I am a poor responder and only had 3 follies. They collected 3 eggs and all 3 have fertilized! So I havent given any thought to how many as I thought I would only have 1 or 2 to transfer. I have ET at 10am tomorrow. 3 babies - how would we cope both physically and financially? Its a big decision!

Thanks in advance
Bangers


----------



## Katy H (Aug 22, 2006)

Hi Bangers,

I'm 40 (eek!) and just about to start a new fresh cycle which will hopefully result in a brother or sister for Thomas.  We discussed the number of embryos with our consultant and he advised to go with three.  This was partly due to my age, but also partly because this will probably be our last cycle, and therefore it's a case of giving it every chance.  

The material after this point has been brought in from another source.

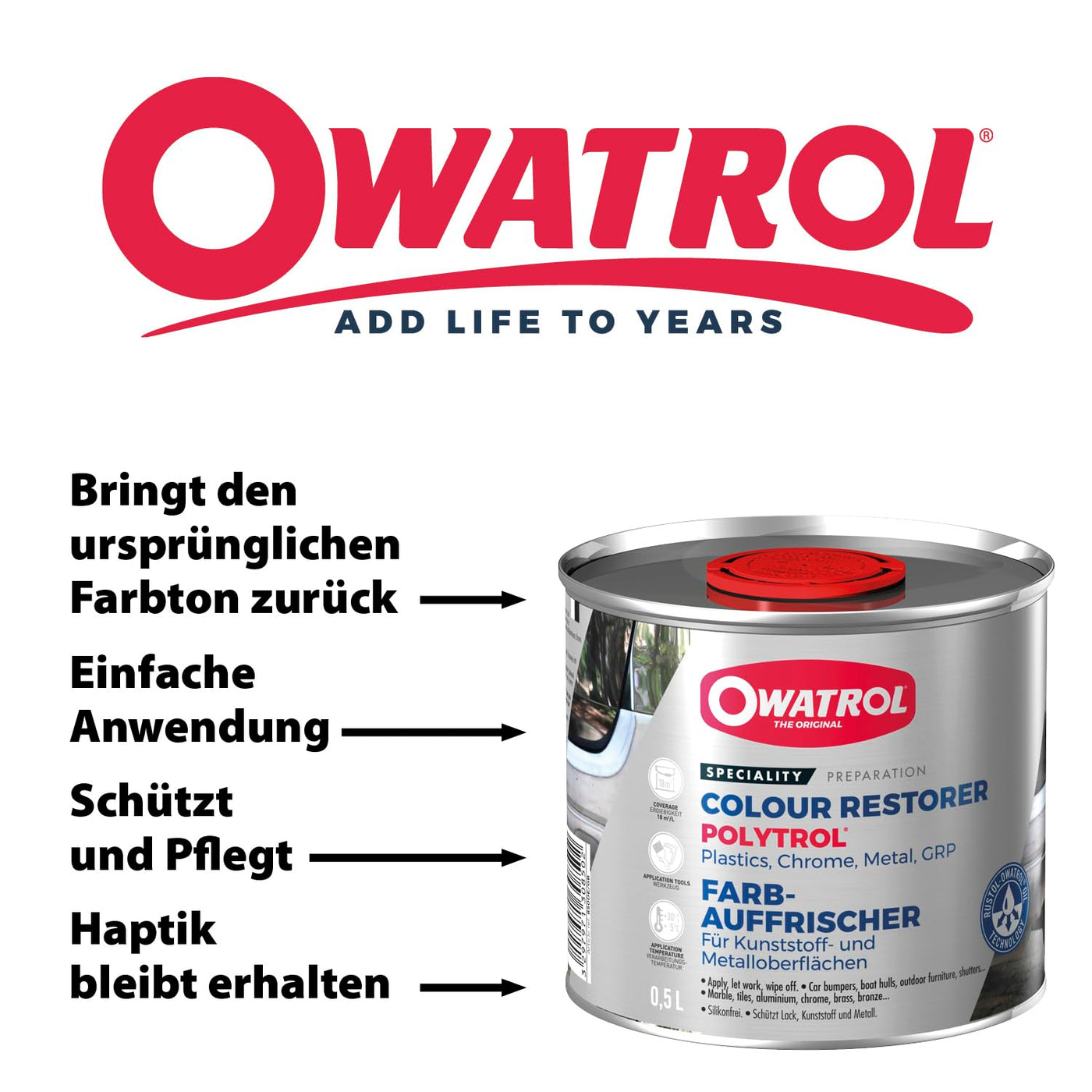 Owatrol Color Restorer, Car Bumpers, Chrome, Plastic Restorer For Cars Penetrating Oil For Multipurpose, Metals To Restore Faded Plastic And Surfaces Polytrol (1,6 Us Quart)
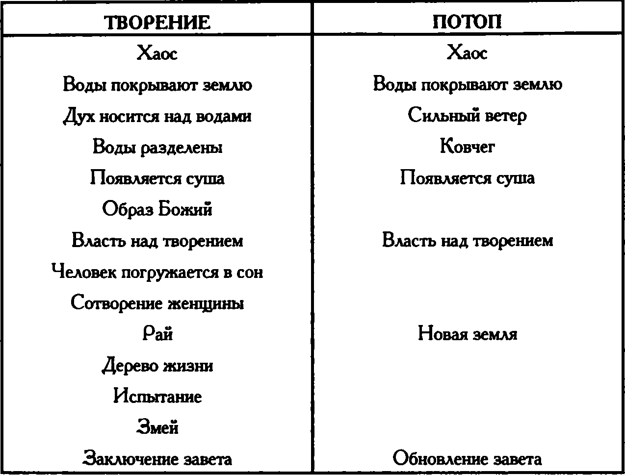 Как мы уже увидели, Священное Писание намеренно описывает губительные последствия потопа языком, напоминающим о сотворении. Шаги, предпринятые Богом при сотворении в Быт. 1 и 2, Он как бы обращает вспять. Он разбирает Свое творение в Быт. 6 и 7, а затем собирает его снова в Быт. 8 и 9. Бог следует четкому и устойчивому замыслу или образцу, повторяя то, что уже делал раньше. С другой стороны, этот образец не служит для Него точным руководством к действию, а остается таковым только в общих чертах.

On the issue of multiple births he said he had never had triplets with 3 embryos for someone aged 40+, and very few twin pregnancies.  We've left it that we'll decide when we (hopefully) get to embryo transfer.  If there are two top-grade embryos then we might go with just two, but if the quality is average then we'd go with three.  However I've got to get that far first ... baseline scan this Friday.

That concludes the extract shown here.